# Booking for Driving Licence VIC



## devibon (Nov 24, 2008)

Hi everyone,

While attempting to book online with Victoria Roads there are two options - learner permit test and probationary licence test. Can any one suggest which option to choose. I am holder of Indian LMV licence. I believe we can drive for first 3 months of arrival. 

Regards,
dp


----------



## anj1976 (Apr 24, 2008)

i think in Melbourne it is 6 months and not 3 months. i checked with a friend who is in Melbourne right now driving on his Indian License.


----------



## devibon (Nov 24, 2008)

anj1976 said:


> i think in Melbourne it is 6 months and not 3 months. i checked with a friend who is in Melbourne right now driving on his Indian License.


I was browsing thru this Vic Roads website and downloaded the practice test - DriveIQ. Quiet interesting similar to playing a 3D Video game. All we need for those questions is common sense. Driving in messy traffic on Indian roads that we are used to it seems to be very easy to get thru the tests.
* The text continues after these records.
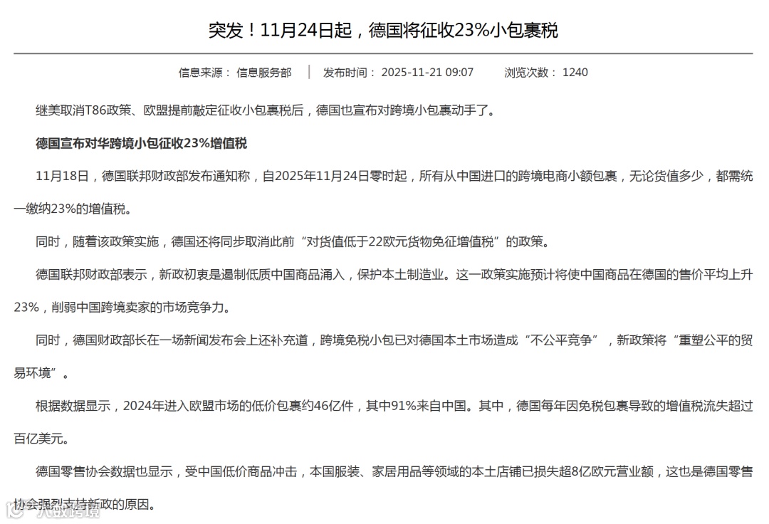 2026 年德国及欧盟的政策调整为跨境电商运营带来了新的合规挑战。德国自 2025 年 11 月 24 日起,对所有中国跨境电商小额包裹统一征收 23% 的增值税,取消了此前货值低于 22 欧元的免税政策。
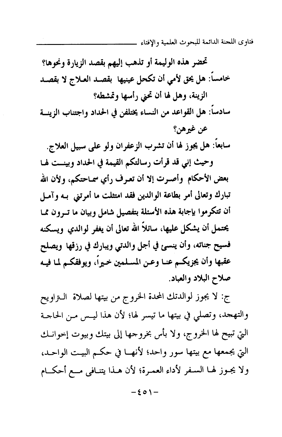 وحيث إني قد قرأت رسالتكم القيمة في الحداد وبينت لها بعض الأحكام وأصرت إلا أن تعرف رأي سماحتكم، ولأن الله تبارك وتعالى أمر بطاعة الوالدين فقد امتثلت ما أمرتني به وآمل أن تتكرموا بإجابة هذه الأسئلة بتفصيل شامل وبيان ما ترون مما يحتمل أن يشكل عليها، سائلا الله تعالى أن يغفر لوالدي ويسكنه فسيح جناته، وأن ينسئ في أجل والدتي ويبارك في رزقها ويصلح عقبها وأن يجزيكم عنا وعن المسلمين خيرا، ويوفقكم لما فيه صلاح البلاد والعباد.
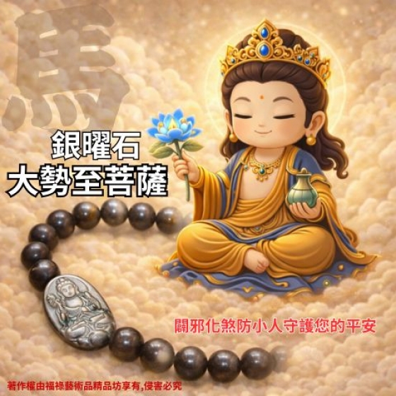 • 8mm銀曜石大勢至菩薩手珠串(馬守護神)

But the procedure is still not clear whether we need to again go for a learner's licence.:confused2:


----------



## anj1976 (Apr 24, 2008)

no they are very particular about the practicals. all those I have spoken to failed the first time.. some i know took teh test thrice. not happening i know. and i thought i have perfected my driving, been on delhi roads since 19 years..


----------



## anj1976 (Apr 24, 2008)

i have asked my friend in melbourne, will tell u once he replies.

cheers . let me know if u want any other info, will pass it on


----------



## JohnAustralia (Mar 17, 2011)

Why does somebody have to go through a driving test if they already have a driving lisence of another country?

Does that meen that when I get to Australia, the first thing I have to do is hurry up and get the paper work ready for an Australian Driving Licence?? 

3 months goes very quick, what about an international driving licence from France? is that only for 3 months aswell?


----------



## kaz101 (Nov 29, 2007)

JohnAustralia said:


> Why does somebody have to go through a driving test if they already have a driving lisence of another country?
> 
> Does that meen that when I get to Australia, the first thing I have to do is hurry up and get the paper work ready for an Australian Driving Licence??
> 
> 3 months goes very quick, what about an international driving licence from France? is that only for 3 months aswell?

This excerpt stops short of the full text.